_INSTRUCTIONS TO FOLLOW:_
Repeat exactly, and only, the lines of the entries below from the one with "Apartamento novo com" through the one with "8. Готовые шампиньоны", both ends included.

_SOURCE DATA:_
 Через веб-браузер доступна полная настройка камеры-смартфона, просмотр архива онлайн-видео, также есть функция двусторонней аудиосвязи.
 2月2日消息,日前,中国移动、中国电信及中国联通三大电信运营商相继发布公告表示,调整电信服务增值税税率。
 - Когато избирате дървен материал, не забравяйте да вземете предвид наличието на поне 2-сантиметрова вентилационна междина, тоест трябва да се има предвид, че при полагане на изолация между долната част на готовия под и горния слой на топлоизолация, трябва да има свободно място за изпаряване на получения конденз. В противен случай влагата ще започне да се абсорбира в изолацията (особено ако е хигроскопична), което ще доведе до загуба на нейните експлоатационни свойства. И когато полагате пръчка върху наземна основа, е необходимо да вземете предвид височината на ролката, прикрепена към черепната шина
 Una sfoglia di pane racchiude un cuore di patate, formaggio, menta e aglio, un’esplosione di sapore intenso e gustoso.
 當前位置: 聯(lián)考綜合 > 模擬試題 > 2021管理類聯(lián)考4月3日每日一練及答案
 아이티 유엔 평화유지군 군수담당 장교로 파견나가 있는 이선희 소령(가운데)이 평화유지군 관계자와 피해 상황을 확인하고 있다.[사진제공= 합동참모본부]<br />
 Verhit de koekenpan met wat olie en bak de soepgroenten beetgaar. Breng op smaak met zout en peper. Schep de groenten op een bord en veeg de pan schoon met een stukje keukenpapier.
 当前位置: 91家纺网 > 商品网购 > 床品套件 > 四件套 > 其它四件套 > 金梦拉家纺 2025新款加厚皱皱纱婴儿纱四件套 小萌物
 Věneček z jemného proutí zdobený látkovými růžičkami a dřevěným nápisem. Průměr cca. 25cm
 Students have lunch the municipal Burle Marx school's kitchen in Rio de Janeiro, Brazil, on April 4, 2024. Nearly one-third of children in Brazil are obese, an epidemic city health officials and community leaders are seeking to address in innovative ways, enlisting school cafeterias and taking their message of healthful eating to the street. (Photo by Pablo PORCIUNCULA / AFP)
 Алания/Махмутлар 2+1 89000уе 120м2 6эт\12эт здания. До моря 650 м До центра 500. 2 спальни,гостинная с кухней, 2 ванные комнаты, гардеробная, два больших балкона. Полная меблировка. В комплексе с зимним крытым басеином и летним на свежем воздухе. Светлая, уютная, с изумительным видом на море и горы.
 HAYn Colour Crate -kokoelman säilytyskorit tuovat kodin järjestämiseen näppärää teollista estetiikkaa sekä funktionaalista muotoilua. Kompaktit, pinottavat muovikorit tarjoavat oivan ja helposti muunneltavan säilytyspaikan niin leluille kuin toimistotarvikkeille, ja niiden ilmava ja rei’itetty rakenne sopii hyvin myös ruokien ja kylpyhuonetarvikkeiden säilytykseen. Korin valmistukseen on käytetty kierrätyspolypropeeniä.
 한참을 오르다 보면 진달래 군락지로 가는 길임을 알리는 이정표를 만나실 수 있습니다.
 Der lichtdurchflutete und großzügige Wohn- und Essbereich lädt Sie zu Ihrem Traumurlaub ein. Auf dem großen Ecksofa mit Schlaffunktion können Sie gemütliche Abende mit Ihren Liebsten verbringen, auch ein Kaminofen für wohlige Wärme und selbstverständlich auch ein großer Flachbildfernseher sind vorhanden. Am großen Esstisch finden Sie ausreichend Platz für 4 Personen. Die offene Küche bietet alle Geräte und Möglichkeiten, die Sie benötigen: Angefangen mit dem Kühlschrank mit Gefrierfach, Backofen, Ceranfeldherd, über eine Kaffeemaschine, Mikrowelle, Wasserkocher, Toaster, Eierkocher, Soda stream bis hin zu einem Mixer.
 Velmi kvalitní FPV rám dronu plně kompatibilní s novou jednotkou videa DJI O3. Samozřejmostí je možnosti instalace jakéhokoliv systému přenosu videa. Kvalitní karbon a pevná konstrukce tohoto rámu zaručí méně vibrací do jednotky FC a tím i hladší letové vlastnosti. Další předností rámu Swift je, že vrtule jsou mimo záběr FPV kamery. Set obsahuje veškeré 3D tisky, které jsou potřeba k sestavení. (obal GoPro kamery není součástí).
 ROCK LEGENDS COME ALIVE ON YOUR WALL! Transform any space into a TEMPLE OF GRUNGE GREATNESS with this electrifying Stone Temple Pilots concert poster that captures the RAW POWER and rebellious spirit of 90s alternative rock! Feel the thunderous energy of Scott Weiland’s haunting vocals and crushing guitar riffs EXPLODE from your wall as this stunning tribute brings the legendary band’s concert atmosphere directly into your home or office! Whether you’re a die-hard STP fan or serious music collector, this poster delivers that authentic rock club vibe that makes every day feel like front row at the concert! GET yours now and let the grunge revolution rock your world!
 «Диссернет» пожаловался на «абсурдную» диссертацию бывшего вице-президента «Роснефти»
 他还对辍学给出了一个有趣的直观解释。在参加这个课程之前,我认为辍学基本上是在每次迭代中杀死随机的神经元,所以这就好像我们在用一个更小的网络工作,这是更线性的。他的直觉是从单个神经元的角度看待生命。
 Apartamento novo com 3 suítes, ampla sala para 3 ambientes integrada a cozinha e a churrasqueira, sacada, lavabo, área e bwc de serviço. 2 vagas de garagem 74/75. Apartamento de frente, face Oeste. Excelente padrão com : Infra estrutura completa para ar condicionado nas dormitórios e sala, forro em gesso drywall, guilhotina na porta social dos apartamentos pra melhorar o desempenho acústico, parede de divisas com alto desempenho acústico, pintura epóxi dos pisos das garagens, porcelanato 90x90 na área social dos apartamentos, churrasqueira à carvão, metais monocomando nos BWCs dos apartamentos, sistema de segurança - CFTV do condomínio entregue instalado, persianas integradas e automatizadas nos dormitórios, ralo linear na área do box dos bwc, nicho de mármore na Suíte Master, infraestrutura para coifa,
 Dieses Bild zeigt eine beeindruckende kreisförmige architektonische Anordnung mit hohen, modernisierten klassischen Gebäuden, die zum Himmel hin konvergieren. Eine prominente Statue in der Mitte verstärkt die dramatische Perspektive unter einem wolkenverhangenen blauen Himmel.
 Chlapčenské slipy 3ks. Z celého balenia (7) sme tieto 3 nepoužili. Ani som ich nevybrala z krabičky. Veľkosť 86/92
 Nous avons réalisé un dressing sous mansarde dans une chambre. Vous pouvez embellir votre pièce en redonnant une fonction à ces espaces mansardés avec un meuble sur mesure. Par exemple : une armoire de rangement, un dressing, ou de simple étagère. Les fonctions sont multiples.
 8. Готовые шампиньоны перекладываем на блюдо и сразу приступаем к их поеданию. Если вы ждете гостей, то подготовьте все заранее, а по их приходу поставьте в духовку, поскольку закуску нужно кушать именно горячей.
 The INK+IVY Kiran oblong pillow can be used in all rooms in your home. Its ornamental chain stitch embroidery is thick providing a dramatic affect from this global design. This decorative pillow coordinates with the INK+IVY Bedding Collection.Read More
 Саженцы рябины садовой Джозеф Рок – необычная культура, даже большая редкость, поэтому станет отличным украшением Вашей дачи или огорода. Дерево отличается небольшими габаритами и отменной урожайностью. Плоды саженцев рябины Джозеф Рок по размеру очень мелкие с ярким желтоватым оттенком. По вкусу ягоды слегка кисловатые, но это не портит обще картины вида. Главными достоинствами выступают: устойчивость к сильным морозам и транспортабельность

_EXERCISE ANSWER:_
 Apartamento novo com 3 suítes, ampla sala para 3 ambientes integrada a cozinha e a churrasqueira, sacada, lavabo, área e bwc de serviço. 2 vagas de garagem 74/75. Apartamento de frente, face Oeste. Excelente padrão com : Infra estrutura completa para ar condicionado nas dormitórios e sala, forro em gesso drywall, guilhotina na porta social dos apartamentos pra melhorar o desempenho acústico, parede de divisas com alto desempenho acústico, pintura epóxi dos pisos das garagens, porcelanato 90x90 na área social dos apartamentos, churrasqueira à carvão, metais monocomando nos BWCs dos apartamentos, sistema de segurança - CFTV do condomínio entregue instalado, persianas integradas e automatizadas nos dormitórios, ralo linear na área do box dos bwc, nicho de mármore na Suíte Master, infraestrutura para coifa,
 Dieses Bild zeigt eine beeindruckende kreisförmige architektonische Anordnung mit hohen, modernisierten klassischen Gebäuden, die zum Himmel hin konvergieren. Eine prominente Statue in der Mitte verstärkt die dramatische Perspektive unter einem wolkenverhangenen blauen Himmel.
 Chlapčenské slipy 3ks. Z celého balenia (7) sme tieto 3 nepoužili. Ani som ich nevybrala z krabičky. Veľkosť 86/92
 Nous avons réalisé un dressing sous mansarde dans une chambre. Vous pouvez embellir votre pièce en redonnant une fonction à ces espaces mansardés avec un meuble sur mesure. Par exemple : une armoire de rangement, un dressing, ou de simple étagère. Les fonctions sont multiples.
 8. Готовые шампиньоны перекладываем на блюдо и сразу приступаем к их поеданию. Если вы ждете гостей, то подготовьте все заранее, а по их приходу поставьте в духовку, поскольку закуску нужно кушать именно горячей.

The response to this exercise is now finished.